In this show, we talk to Prof. Elcio Abdalla about quantum field theory, Indy rounds up the latest news and we find out what we can see in the August night sky from Ian Morison and Claire Bretherton.

The News

This month in the news: The Rosetta mission and the funny shaped comet.

Comets, leaving icy trails across the sky, have doubtless been noticed by humans for millenia. They were usually taken as bad omens, ominous signs in the sky warning of impending deaths. In 1577, Tycho Brahe measured the parallax of the 'Great Comet' of that year, and in conjunction with observations by other astronomers, managed to determine that the comet was at least four times further away than the moon - and that it was not, as was widely believed at the time, an atmospheric phenomenon. In 1705, Edmund Halley used a method from Newton's Principia to study past comets, fitting their orbits to parabolas. He found that three of the previously observed comets had very similar orbits, and deduced that they were one and the same - predicting its return. This was of course the comet that came to be named after him, Halley's comet; without a doubt the most well-known of these objects. It was realized that comets contained some sort of volatile material which would vapourize due to solar radiation, forming the characteristic 'tail'. In 1950, the astronomer Fred Whipple proposed that comets were icy objects with some rock, as opposed to being rocky objects containing some ice - the so-called "Dirty Snowball" model.
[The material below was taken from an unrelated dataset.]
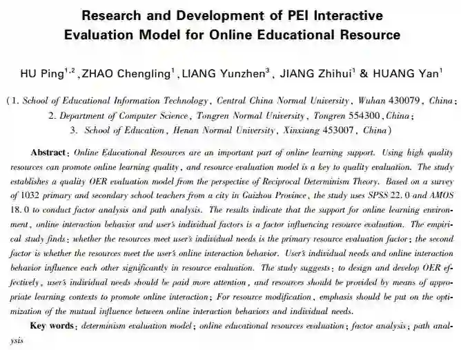关键词:交互评价模型;在线教育资源评价;因子分析;路径分析

With the advent of the space age, a large number of probes and flyby missions were launched, and their observations appeared to support Whipple's model. A notable event was the study of Halley's comet in 1986, when it passed into the inner solar system. A number of spacecraft flew very close to the comet, including the ESA craft Giotto, which got as close as 596 km.

Today, the Rosetta mission is following in the footsteps of Giotto. Launched in 2004 after almost 10 years of planning, this remarkable spacecraft has been making its way across the solar system, slingshotting around the Earth three times and Mars once, to get to comet 67P/Churyumov-Gerasimenko, named after its discoverers. The spacecraft has just sent back the first images we have of the comet - before July 2014, the only picture the mission planners and scientists had was a single pixel. This makes it difficult to plan a landing. Thankfully, the Rosetta team now has access to a constant supply of images from the craft's onboard camera, with the first pictures being taken on July 14th, and released to the public on the 21st. The Rosetta twitter account is currently posting pictures of the comet each day, and as of the 25th of July the probe was roughly 3200 km away from its goal – with an anticipated rendezvous with the comet twelve days from then, on the 6th of August.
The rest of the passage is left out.